The book is more static and cerebral than the series, a luxury novels can afford, and focuses more intently on the Japanese occupation of the San Francisco area, Tao philosophy, and the I-Ching. Tagomi, a high ranking Japanese man, is a moral center in both the novel and the series, and in both cases, is able to cross the dimensional barrier between alternative histories, moving at times (though only once in the novel) into the world we know, in which the U.S. won the war. Spirituality and ethical living are central to Tagomi.
The bones of Dick's philosophy are buried under a plot that seems oddly peripheral to the central story, and therefore his philosophy becomes more ambiguous than in Burdekin. In a "say hello to the new boss/ same as the old boss," theme, the novel argues at the end that it doesn't make much difference who won the war while whoever is in charge oppresses those below, behaves violently, and has the nuclear capacity to destroy the earth.
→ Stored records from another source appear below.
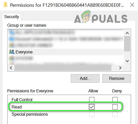 Add Everyone to the Permissions - Now click on OK & then click on the Read checkbox.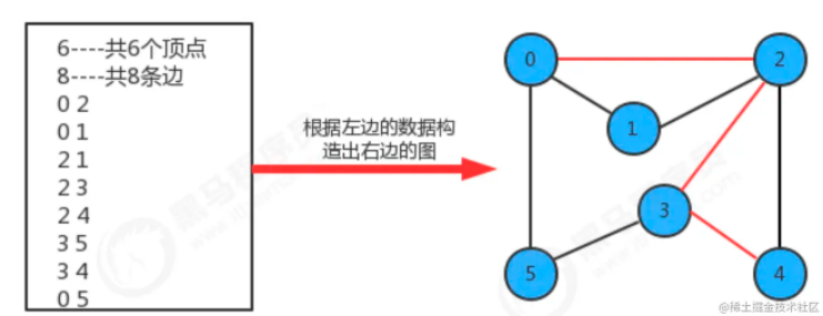 例如在上图上查找顶点0到顶点4的路径用红色标识出来,那么我们可以把该路径表示为 0-2-3-4。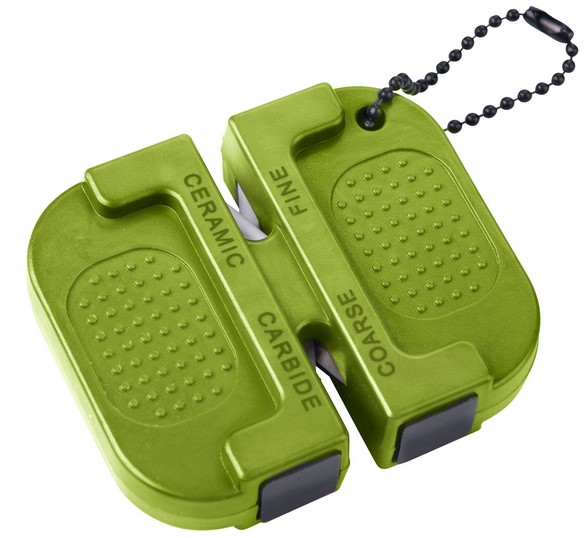 Malý brousek na nože s řetízkem k broušení "nahrubo" pomocí dvojice karbidových plátků a jemnému finálnímu naostření pomocí keramických plátků.

At the same time--and bumping up against this--is a portrayal of the Nazis as particularly evil, corrupt, stupid, and malevolent.
Burdekin makes an unequivocal case for nonviolence and woman's equality. Woman's equality is not a subject on Dick's radar, and he shows ambivalent attitudes towards violence. Tagomi is deeply upset when he kills two Nazi agent/thugs, as killing violates his deepest moral principles. Juliana, however, almost mechanically uses a razor to cut the throat of Joe, her Nazi lover, after she discovers he plans to assassinate Hawthorne Abendsen, the "man in the high castle." (Abendsen, in Dick's novel, wrote the alternative history novel that posits the Allies won the war.) Abendsen and his wife thank Juliana for her violent act, even though Abendsen lives unprotected and assumes he will be killed eventually.
Although all of Burdekin's central characters are men because the women have been reduced to a very low intellectual state, hers is far more the woman's novel in its sensitivity to women's plight and advocacy for appreciating the fully humanity of all people. Dick's characters are primarily men too, and they occupy a male world of business and politics. Even Childan's dinner at a Japanese couple's home is framed primarily as doing business--and Childan's interest in the Japanese wife is wholly sexual. The one female character to be fleshed out, Juliana, is exoticised and "orientalized," swinging between a surface self that is little more than a mildly sophisticated version of the "sexy, good-looking, crazy chick" and a mystical natural being with special spiritual insight. Abendsen calls her:
'a dathnon. A little chthonic spirit that ... roams tirelessly over the face of the earth.' He restored his glasses in place. 'She's doing what's instinctive to her, simply. expressing her being.'
Juliana in the novel is therefore a sex object, a crazy fucked up chick, and a mystical, spiritual, natural being--she is killer whore or redemptive goddess or nature symbol.
Burdekin's Swatiska Night works consistently in the genre of l'ecriture humaine: the focus throughout, while espousing solidly articulated, general humane principles, is on the particular. There's no discussion of large scale military movements or battles, as in Dick's novel, which enjoys re-envisioning World War II battlegrounds. This places Burdekin firmly in a mid-century feminist movement that included woman such as medieval and economic historian Elaine Power, and Virginia Woolf, who made it part of their politics to sideline war narratives, believing that real history lies in human community and that a constant narrative glorifying war meant ending war would be impossible.
Both Burdekin and Dick were interested in the spiritual. Burdekin ridicules Nazi spirituality but makes an impassioned defense of Quakerism--and her biography tells us she was interested in alternative religious views. Eastern religion is central to Dick.
Ultimately, both books have strongly anachronistic elements yet both make points that are, sadly, still highly relevant today.